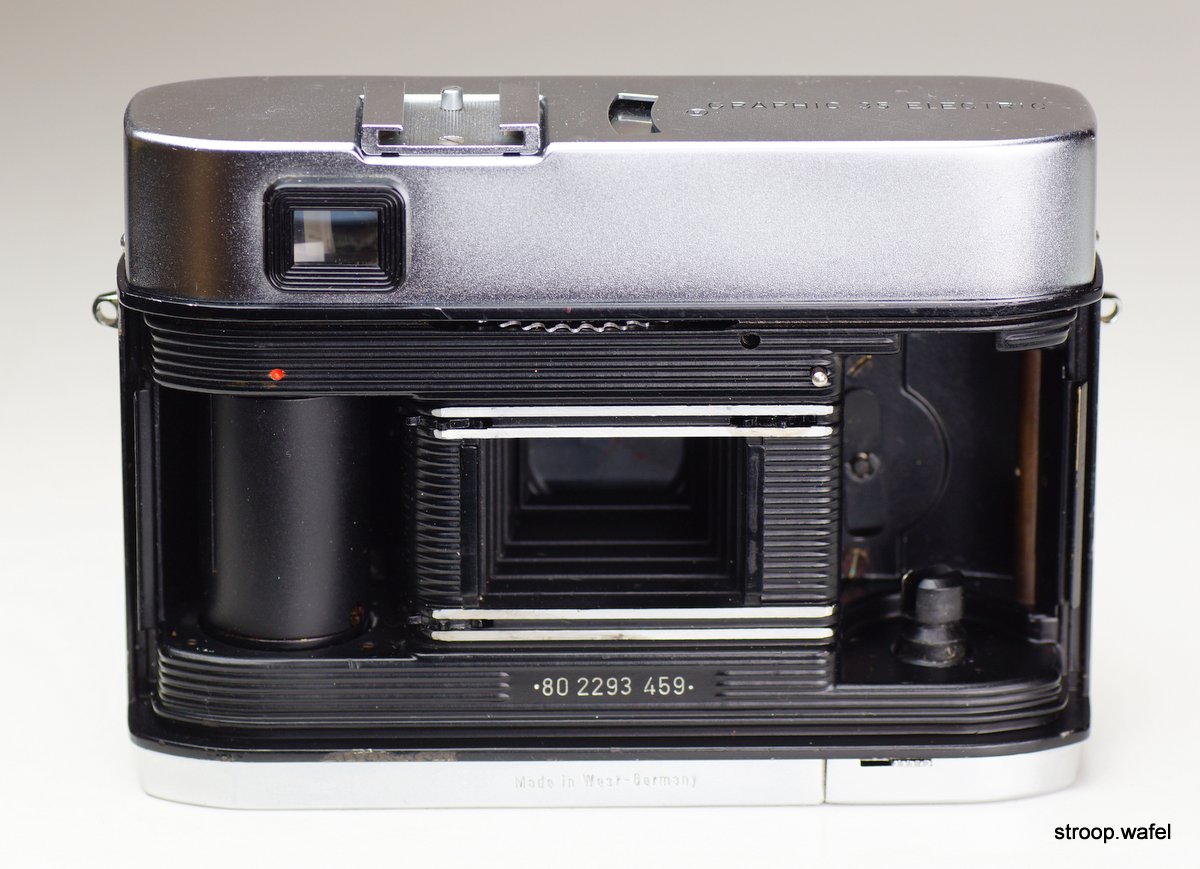 Also note the open battery compartment. The camera took 2 AA batteries and according the manual these would last about a 1000 exposures. Obviously without them the camera will not work at all. Unfortunately many Iloca/Graphic 35 Electric have been damaged by leakage from empty batteries that have been left in the camera.
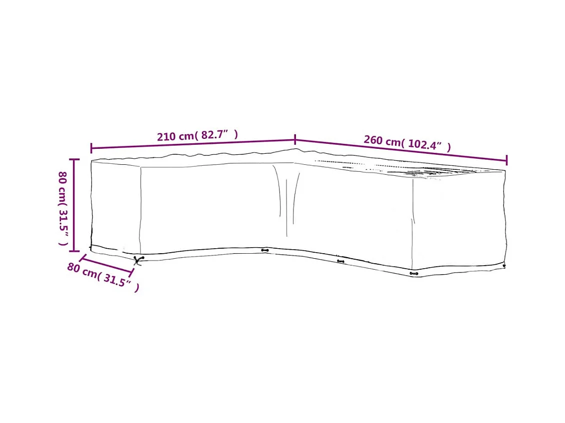 Housse de salon de jardin en forme de L 16 ?illets 210x260x80cm
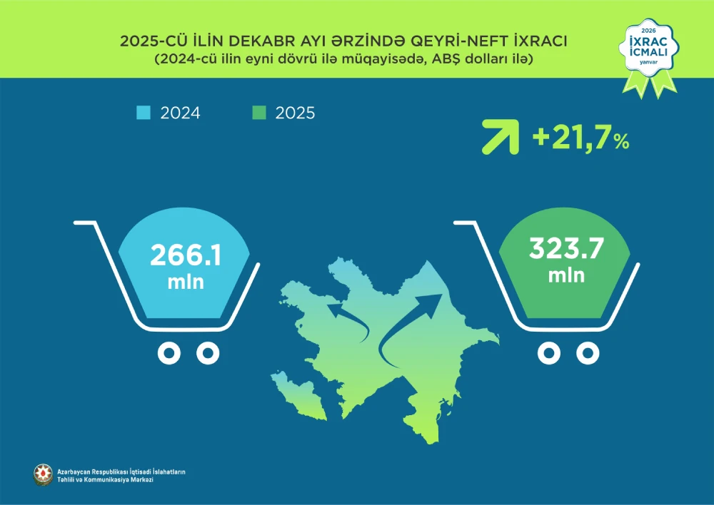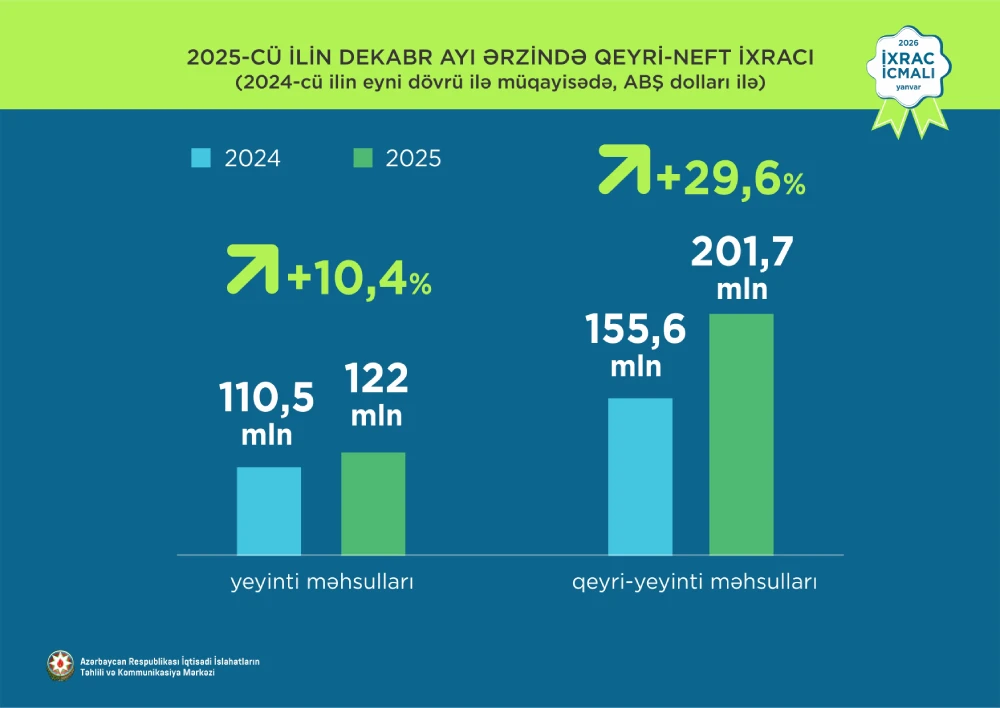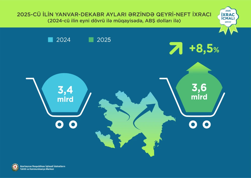 Marja xəbər verir ki, İcmala əsasən, 2025-ci ilin yanvar-dekabr aylarında Azərbaycanın qeyri-neft sektoru üzrə ixracı 2024-cü ilin müvafiq dövrü ilə müqayisədə 8,5% artaraq 3,6 milyard ABŞ dolları təşkil edib. 2025-ci ilin yanvar-dekabr aylarında yeyinti məhsulları üzrə ixrac 18,4% artaraq 1,2 milyard ABŞ dollarına bərabər olub.
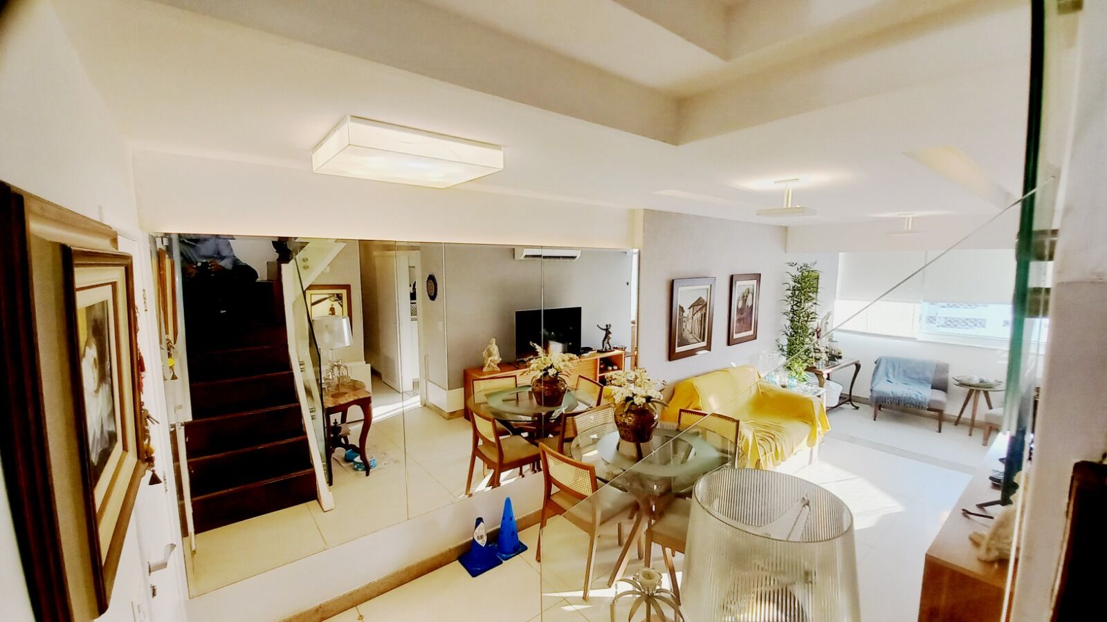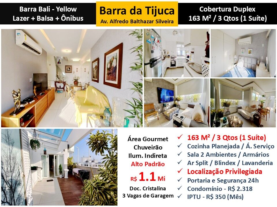 Maravilhosa cobertura duplex de alto padrão em condomínio em localização privilegiada na Barra da Tijuca. São 163m² com sala em 2 ambientes, 3 quartos sendo 1 suíte, banheiro social, cozinha planejada com área de serviço e lavanderia. Área externa com espaço gourmet e chuveirão. Armários. Ar condicionado Split. Iluminação indireta. 3 vagas de garagem. Condomínio com lazer super completo, balsa, ônibus e portaria com segurança 24 horas.
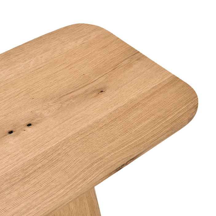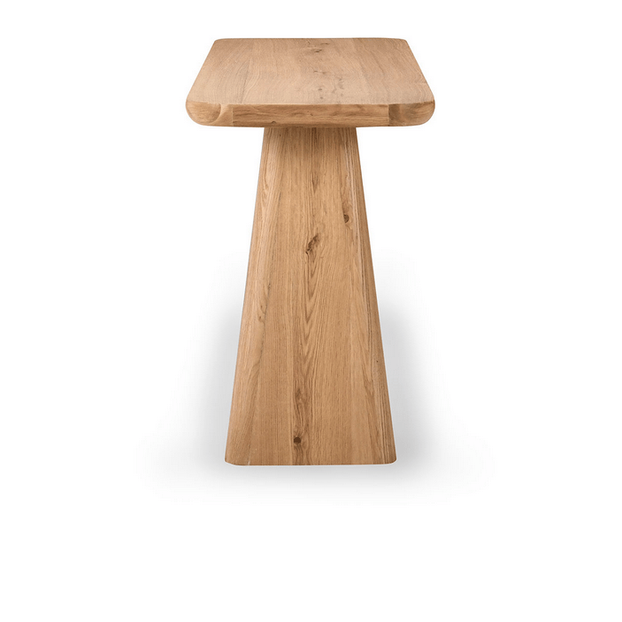 Featuring beveled corners and an elegantly angled pedestal base, the Orlando Console Table redefines modern sophistication. Its bold design highlights the natural beauty of oak that elevates any interior space.
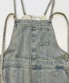 ヴィンテージ感のある加工や、カラーリングがオシャレなデニムサロペット。細めの肩紐や太過ぎないシルエットが大人っぽいポイント。肩紐で着丈の調節が可能です。
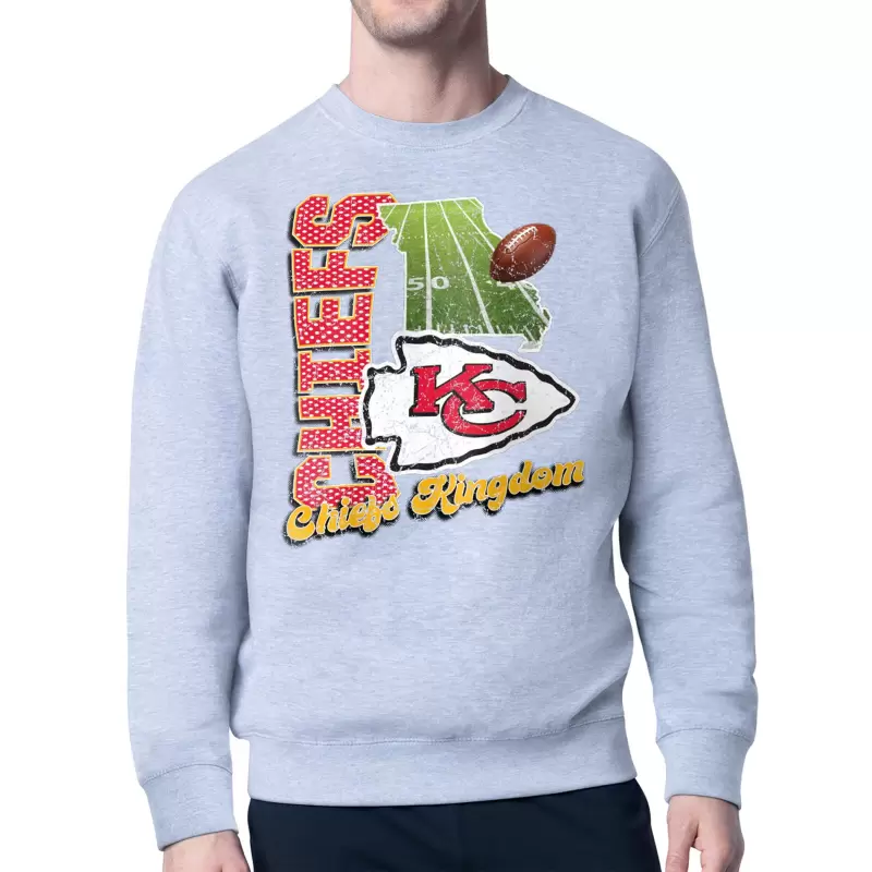 Men’s Starter Gray Kansas City Chiefs Distressed Retro State Field Fleece Pullover Sweatshirt
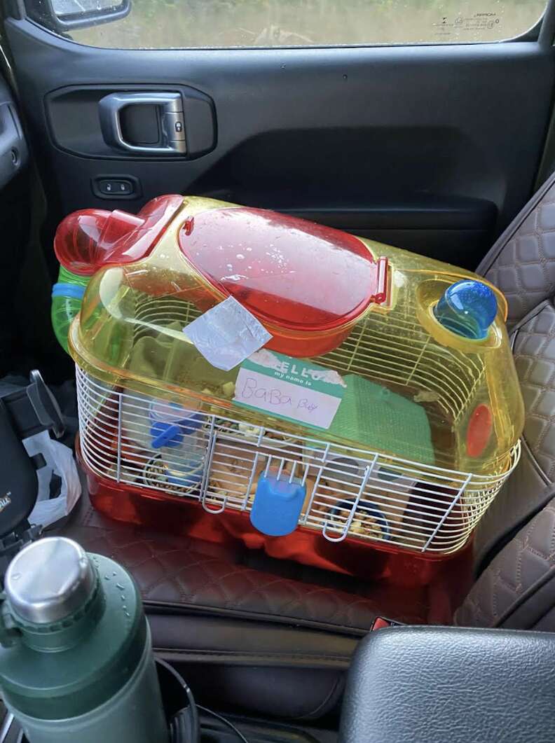 Inside was a tiny, terrified hamster, clearly abandoned and left for someone else to find — if at all.

## Exercise
Without the pictures, repeat every line of the material above exactly.

## Written answer
 Also note the open battery compartment. The camera took 2 AA batteries and according the manual these would last about a 1000 exposures. Obviously without them the camera will not work at all. Unfortunately many Iloca/Graphic 35 Electric have been damaged by leakage from empty batteries that have been left in the camera.
 Housse de salon de jardin en forme de L 16 ?illets 210x260x80cm
 Marja xəbər verir ki, İcmala əsasən, 2025-ci ilin yanvar-dekabr aylarında Azərbaycanın qeyri-neft sektoru üzrə ixracı 2024-cü ilin müvafiq dövrü ilə müqayisədə 8,5% artaraq 3,6 milyard ABŞ dolları təşkil edib. 2025-ci ilin yanvar-dekabr aylarında yeyinti məhsulları üzrə ixrac 18,4% artaraq 1,2 milyard ABŞ dollarına bərabər olub.
 Maravilhosa cobertura duplex de alto padrão em condomínio em localização privilegiada na Barra da Tijuca. São 163m² com sala em 2 ambientes, 3 quartos sendo 1 suíte, banheiro social, cozinha planejada com área de serviço e lavanderia. Área externa com espaço gourmet e chuveirão. Armários. Ar condicionado Split. Iluminação indireta. 3 vagas de garagem. Condomínio com lazer super completo, balsa, ônibus e portaria com segurança 24 horas.
 Featuring beveled corners and an elegantly angled pedestal base, the Orlando Console Table redefines modern sophistication. Its bold design highlights the natural beauty of oak that elevates any interior space.
 ヴィンテージ感のある加工や、カラーリングがオシャレなデニムサロペット。細めの肩紐や太過ぎないシルエットが大人っぽいポイント。肩紐で着丈の調節が可能です。
 Men’s Starter Gray Kansas City Chiefs Distressed Retro State Field Fleece Pullover Sweatshirt
 Inside was a tiny, terrified hamster, clearly abandoned and left for someone else to find — if at all.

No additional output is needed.